We cured our fresh pork belly last week with sugar, blackstrap molasses, salt and pepper, following this recipe, and just cooked some up this morning. Wow. It was so delicious. We were planning on smoking the slabs, but have decided against it because it is just too darn good. This stuff won't be for sale, friends... we are keeping it for special dinners (like tonight's V-Day homemade pizza-by-the-fire), lazy Sunday mornings, and maybe a lucky Supper Club or two.

Thursday, February 6, 2014

Rendering

With 20 pounds of leaf lard in our freezer from our pigs, I decided to render the lard. Leaf lard is, at room temperature, very soft and oily, almost spreadable.
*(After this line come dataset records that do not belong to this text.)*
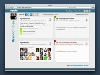 Social media is widely used by employers to screen candidates. Over 91% of employers now use social media for this purpose. It is important for students to manage their online reputation through social media as inappropriate or unprofessional posts can disqualify them from jobs. The document provides tips on using social media to build a positive online profile, including being yourself, self-censoring posts, managing privacy settings, and engaging with potential employers online through following them and participating in relevant discussions.
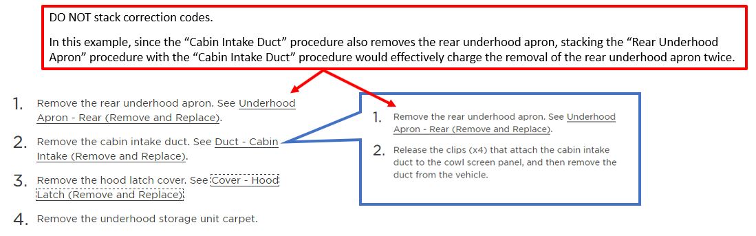 - Overlapping steps are accounted for and removed for efficiency and accuracy and to also focus on technician touch time of the repair procedure.
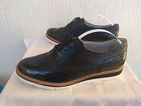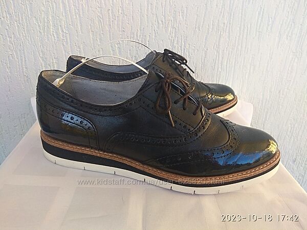 Туфли оксфорди кожанние Tamaris р.38, сделанни в Германии, оригинал. Состояние практически идеальное. Кожа натуральная+ искуственная кожа лакированная снаружи,внутри кожа натуральная+текстиль. Длинна по стельке 25 см.,ширина 7.8 см.Другие объявления продавца
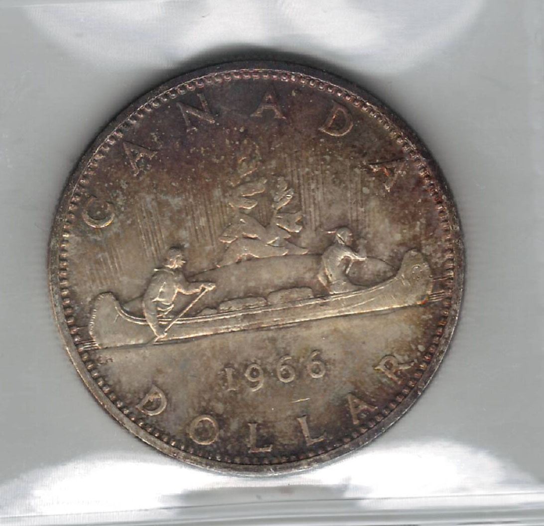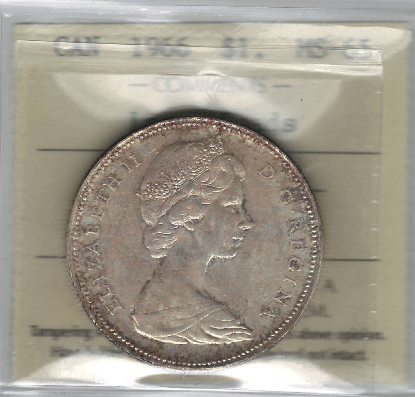Canada 1966 Large Beads Silver Dollar ICCS MS65 Toned
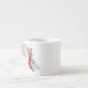 Coupe espresso blanche avec une image, des deux côtés, d'un bas de Noël rayé rouge et blanc rempli de jouets et orné de saint, et une image croquis bleu du Père Noël dans son traîneau tiré par huit minuscules rennes. Voir la bocal à bonbons, flacon, tasse, lanceur, plaque en papier, verre à balles, théière et dessous de verre. Voir l'ensemble de la collection Holiday Mug dans le FOOD/BEV | Section Plats.
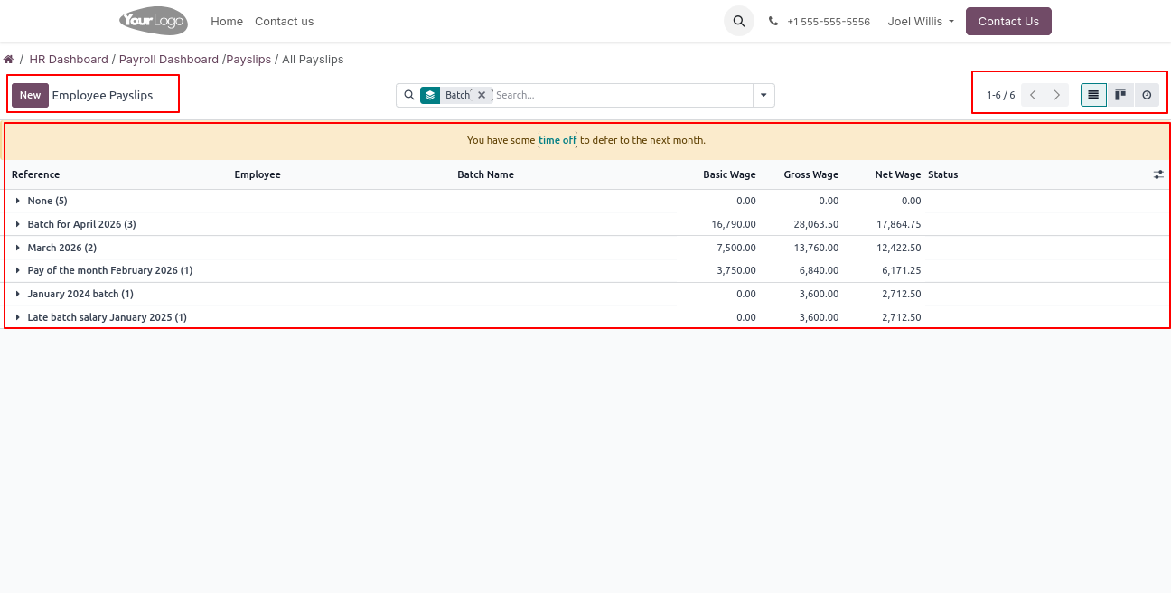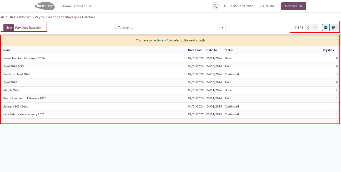 Click on Payslips - > All Payslips menu to open a backend-like interface, where users can view all payslip batches, check salary details, and analyze payroll records across different periods.

But there is still a bit of muscle in there, so it has to be rendered at a low heat to be able to strain out impurities. So I chopped about 3 pounds up, put it in a baking dish, and baked it at 300 for a little less than 2 hours, following a simple "recipe" from Flying Pigs Farm. I strained the lard into ice cube trays for freezing and some into the small mason jar that is ready to use tonight for sauteeing vegetables, making pie crust, roasting potatoes, frying an egg, or for pretty much any other dish you'd use bacon fat in.

We'll offer some to our pork customers - save money by not having to buy butter, which goes for about $5 per pound for organic unsalted (and, believe me, doesn't cook up savory dishes as flavorfully).


Tuesday, February 4, 2014

Your not-so-standard Super Bowl fare

So, it was an underwhelming Super Bowl game on Sunday.

But we spiced it up with some non-traditional tastes. Making room in our chest freezers for all of our delicious pork, we thawed out 40 chicken feet and one pig's tail. Think: "buffalo chicken feet" and "brined, braised, broiled tail."

It was a lot of work. Chicken feet: clean, clip off claws, boil for an hour, bake to dry out, deep fry and toss in buffalo chicken sauce. Tail: brine for 24 hours, braise for 3 hours, rest for 8 hours, broil for 30 minutes.

And it didn't taste all that great. But it was so worth the adventure (and the extra square foot of freezer space).